Required action: For every line below, restate it exactly and drop the images.

Collected material:
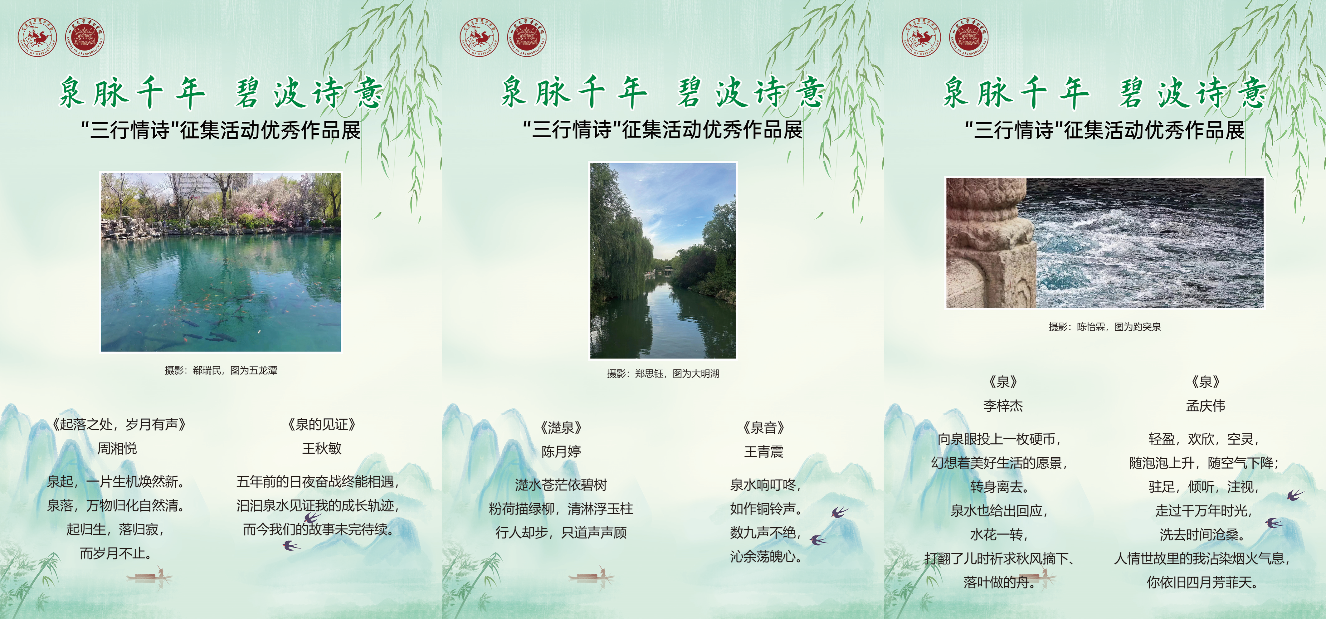 泉脉千年,碧波诗意。“三行情诗”优秀作品展以泉城景观为创作对象,以三行情诗为载体,引导学生与历史对话,感知古城的历史温度,通过追寻济南泉城记忆,进一步呼吁保护、利用、传承好泉城文化遗产,延续历史文脉。
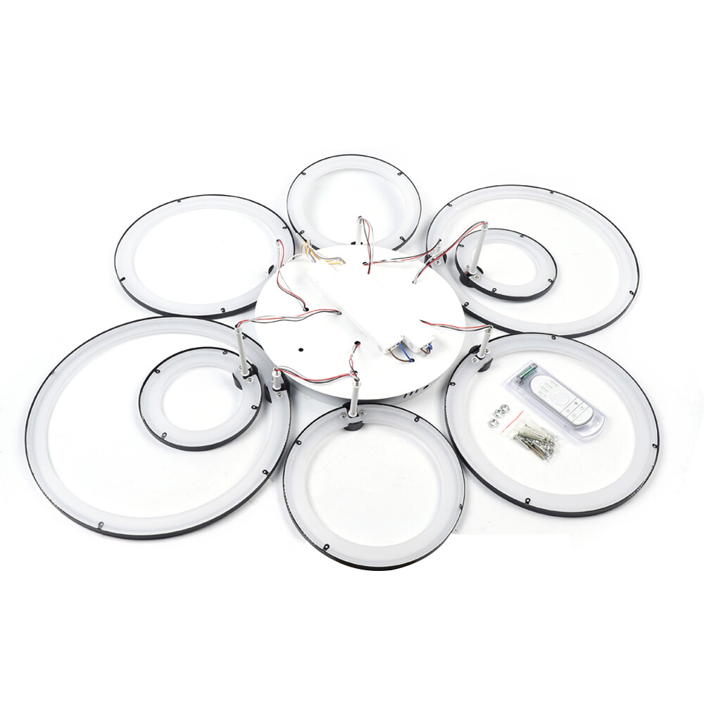 8-Head Indoor Modern LED Ceiling Light Pendant Lamp Living Room Dimmable Fixture 8 Heads Chandelier 3Color Light Change LED Ceiling Light Fixture Acrylic Tips: All the lights are connected, do not modify the line when you install it. Specification: Material: Iron base and Acrylic lampshade Power: 60w,100w, 150w Pattern: 8 Heads Voltage: AC 110v, 50Hz Body Color: black Light Source: 2835 LED SMD Light mode: stepless dimming Light color: White light, Warm light, Neutral light Average service life: 30000(h) Remote Controller: 2x AAA Batteries (not included) Suitable area: about 25~30㎡ 8Heads Size: 8 Heads Size: 110*90*25cm Package Included 1 * Ceiling Light 1 * Remote Controller 2 * AAA Batteries All Accessories for Assembly Description The body of the ceiling lamp is creatively designed with four composed circulars with fine workmanship, bringing more brilliance to your life and highlighting your taste. This ceiling la mp is infinitely dimmable with three adjustable colors including white light, warm light, and neutral light, you can adjust it according to your own needs. This ceiling lamp is perfect for living rooms, balconies, bars, cafes, clothing stores, aisles, etc. It is suitable for an area of about 86.11ft²-161.46ft². Key Features Creative Design: The body of the ceiling lamp is creatively designed with four composed circulars with fine workmanship, bringing more brilliance to your life and highlighting your taste. High Durability: The lampshade of the ceiling lamp is made of acryli c that has good transparency, chemical stability, and weather resistance, so it is more durable and can be used for a long time. Remote Control : This ceiling light is equipped with remote control. So you can easily control the light while lying in bed and don't need to get up and press the switch. Good Light Transmission: This ceiling lamp made of acrylic has good light transmission, which can create a brighter and warm atmosphere for you. Stepless Dimming: This ceiling la mp is infinitely dimmable with three adjustable colors including white light, warm light, and neutral light, you can adjust it according to your own needs. Energy Efficient: This ceiling lamp adopts the LED light source, which is highly efficient, energy-saving, and has a long service life. Easy Installation: All the four light heads are connected, you do not need to modify the line when you install it, saving your time and energy. Guaranteed After-Sales Service: We aim to provide quality products and services, if you have any problems, please feel free to contact us. We will reply and solve the problem for you as soon as possible. Details Acrylic Lampshade: The lampshade of the ceiling lamp is made of acrylic that has good transparency, so it has better light transmission, which can create a brighter and warm atmosphere for you. Reinforced Base: The base of the ceiling lamp is made of reinforced iron, making it more stable. Application This ceiling lamp is perfect for living rooms, balconies, bars, cafes, clothing stores, aisles, etc. It is suitable for an area of about 25~30㎡ Notes 1. All the four light heads are connected, do not modify the line when you install it. 2. The remote control needs to be used in the code, press and hold the vertical line above until the light flashes, that is, the code is successful, and you can remotely control it. 3.Please allow the slight color difference caused by the shooting light and 1-3cm error due to manual measurement, and make sure you do not mind before ordering. Payment Delivery details Terms of sales About us Contact us Payment We accept ebay payment 。 Fees such as import duties, taxes are not included in the item price or shipping costs. These charges are the buyer's responsibility. Delivery details Shipping: 2-9 working days to: USA Terms of sales We maintain high standards of excellence and strive for hundred percent customer satisfaction. Feedback is very important to us. We hope that you contact us immediately before you give neutral or negative feedback, so that we can address your concerns. It is impossible to address issues if we do not know about them! About us Your satis faction is our ultimate goal. We work hard to earn your trust and future business. Our certified technicians have tested each item before shipping. The unit comes with 1 year limited warranty on all manufacturing defects. a) If you receive a defective item, you may return it or ask for a discount. Please contact us within 14 days after you receive the package. b) What you returned must be intact and in its original packaging as re? u. Customer is responsible for shipping costs of the returned item. c) We will cover the cost of shipping back t with the shipping rate indicated in the registration page. We will send you a new unit or refund the full payment you paid. Thank you. Contact us Business Hour Business Hour: Monday To Friday: 8:30 AM to 5:00 PM (Beijing China time) Due to time zones, our reply to your questions may not be immediately. But within above working time, we will reply your email within 24 hours. If it's non-workdays, please kindly be patient and wait till Monday. Please contact us with ebay message. Please feel free to contact us if you have any questions. Monday To Friday: 8:30 AM to 5:00 PM (Beijing China time) Due to time zones, our reply to your questions may not be immediately. But within above working time, we will reply your email within 24 hours. If it's non-workdays, please kindly be patient and wait till Monday. Please contact us with ebay message. Please feel free to contact us if you have any questions. Country/Region of Manufacture Unknown Highlights Compact Design,Unique Appearance,high reliability Number of Settings 1 Control Style Remote Light Color Multicolor Power Source Wall Plug-In MPN Does Not Apply Light Source 2835 LED SMD Department Adults Lumens N/A Sensor Type Light Voltage AC 110v, 50hz/60hz Amperage N/A Style Modern LED String/Strip Type N/A Features Dimmable,
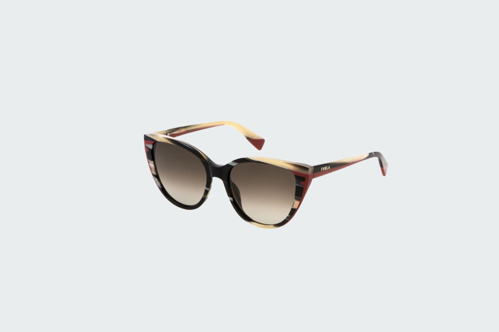 Стильная узорчатая оправа выполнена из легкого прочного пластика. Градиентные линзы со 100% защитой глаза от вредного ультрафиолета. В комплекте — фирменный футляр для очков и салфетка.

Final answer:
 泉脉千年,碧波诗意。“三行情诗”优秀作品展以泉城景观为创作对象,以三行情诗为载体,引导学生与历史对话,感知古城的历史温度,通过追寻济南泉城记忆,进一步呼吁保护、利用、传承好泉城文化遗产,延续历史文脉。
 8-Head Indoor Modern LED Ceiling Light Pendant Lamp Living Room Dimmable Fixture 8 Heads Chandelier 3Color Light Change LED Ceiling Light Fixture Acrylic Tips: All the lights are connected, do not modify the line when you install it. Specification: Material: Iron base and Acrylic lampshade Power: 60w,100w, 150w Pattern: 8 Heads Voltage: AC 110v, 50Hz Body Color: black Light Source: 2835 LED SMD Light mode: stepless dimming Light color: White light, Warm light, Neutral light Average service life: 30000(h) Remote Controller: 2x AAA Batteries (not included) Suitable area: about 25~30㎡ 8Heads Size: 8 Heads Size: 110*90*25cm Package Included 1 * Ceiling Light 1 * Remote Controller 2 * AAA Batteries All Accessories for Assembly Description The body of the ceiling lamp is creatively designed with four composed circulars with fine workmanship, bringing more brilliance to your life and highlighting your taste. This ceiling la mp is infinitely dimmable with three adjustable colors including white light, warm light, and neutral light, you can adjust it according to your own needs. This ceiling lamp is perfect for living rooms, balconies, bars, cafes, clothing stores, aisles, etc. It is suitable for an area of about 86.11ft²-161.46ft². Key Features Creative Design: The body of the ceiling lamp is creatively designed with four composed circulars with fine workmanship, bringing more brilliance to your life and highlighting your taste. High Durability: The lampshade of the ceiling lamp is made of acryli c that has good transparency, chemical stability, and weather resistance, so it is more durable and can be used for a long time. Remote Control : This ceiling light is equipped with remote control. So you can easily control the light while lying in bed and don't need to get up and press the switch. Good Light Transmission: This ceiling lamp made of acrylic has good light transmission, which can create a brighter and warm atmosphere for you. Stepless Dimming: This ceiling la mp is infinitely dimmable with three adjustable colors including white light, warm light, and neutral light, you can adjust it according to your own needs. Energy Efficient: This ceiling lamp adopts the LED light source, which is highly efficient, energy-saving, and has a long service life. Easy Installation: All the four light heads are connected, you do not need to modify the line when you install it, saving your time and energy. Guaranteed After-Sales Service: We aim to provide quality products and services, if you have any problems, please feel free to contact us. We will reply and solve the problem for you as soon as possible. Details Acrylic Lampshade: The lampshade of the ceiling lamp is made of acrylic that has good transparency, so it has better light transmission, which can create a brighter and warm atmosphere for you. Reinforced Base: The base of the ceiling lamp is made of reinforced iron, making it more stable. Application This ceiling lamp is perfect for living rooms, balconies, bars, cafes, clothing stores, aisles, etc. It is suitable for an area of about 25~30㎡ Notes 1. All the four light heads are connected, do not modify the line when you install it. 2. The remote control needs to be used in the code, press and hold the vertical line above until the light flashes, that is, the code is successful, and you can remotely control it. 3.Please allow the slight color difference caused by the shooting light and 1-3cm error due to manual measurement, and make sure you do not mind before ordering. Payment Delivery details Terms of sales About us Contact us Payment We accept ebay payment 。 Fees such as import duties, taxes are not included in the item price or shipping costs. These charges are the buyer's responsibility. Delivery details Shipping: 2-9 working days to: USA Terms of sales We maintain high standards of excellence and strive for hundred percent customer satisfaction. Feedback is very important to us. We hope that you contact us immediately before you give neutral or negative feedback, so that we can address your concerns. It is impossible to address issues if we do not know about them! About us Your satis faction is our ultimate goal. We work hard to earn your trust and future business. Our certified technicians have tested each item before shipping. The unit comes with 1 year limited warranty on all manufacturing defects. a) If you receive a defective item, you may return it or ask for a discount. Please contact us within 14 days after you receive the package. b) What you returned must be intact and in its original packaging as re? u. Customer is responsible for shipping costs of the returned item. c) We will cover the cost of shipping back t with the shipping rate indicated in the registration page. We will send you a new unit or refund the full payment you paid. Thank you. Contact us Business Hour Business Hour: Monday To Friday: 8:30 AM to 5:00 PM (Beijing China time) Due to time zones, our reply to your questions may not be immediately. But within above working time, we will reply your email within 24 hours. If it's non-workdays, please kindly be patient and wait till Monday. Please contact us with ebay message. Please feel free to contact us if you have any questions. Monday To Friday: 8:30 AM to 5:00 PM (Beijing China time) Due to time zones, our reply to your questions may not be immediately. But within above working time, we will reply your email within 24 hours. If it's non-workdays, please kindly be patient and wait till Monday. Please contact us with ebay message. Please feel free to contact us if you have any questions. Country/Region of Manufacture Unknown Highlights Compact Design,Unique Appearance,high reliability Number of Settings 1 Control Style Remote Light Color Multicolor Power Source Wall Plug-In MPN Does Not Apply Light Source 2835 LED SMD Department Adults Lumens N/A Sensor Type Light Voltage AC 110v, 50hz/60hz Amperage N/A Style Modern LED String/Strip Type N/A Features Dimmable,
 Стильная узорчатая оправа выполнена из легкого прочного пластика. Градиентные линзы со 100% защитой глаза от вредного ультрафиолета. В комплекте — фирменный футляр для очков и салфетка.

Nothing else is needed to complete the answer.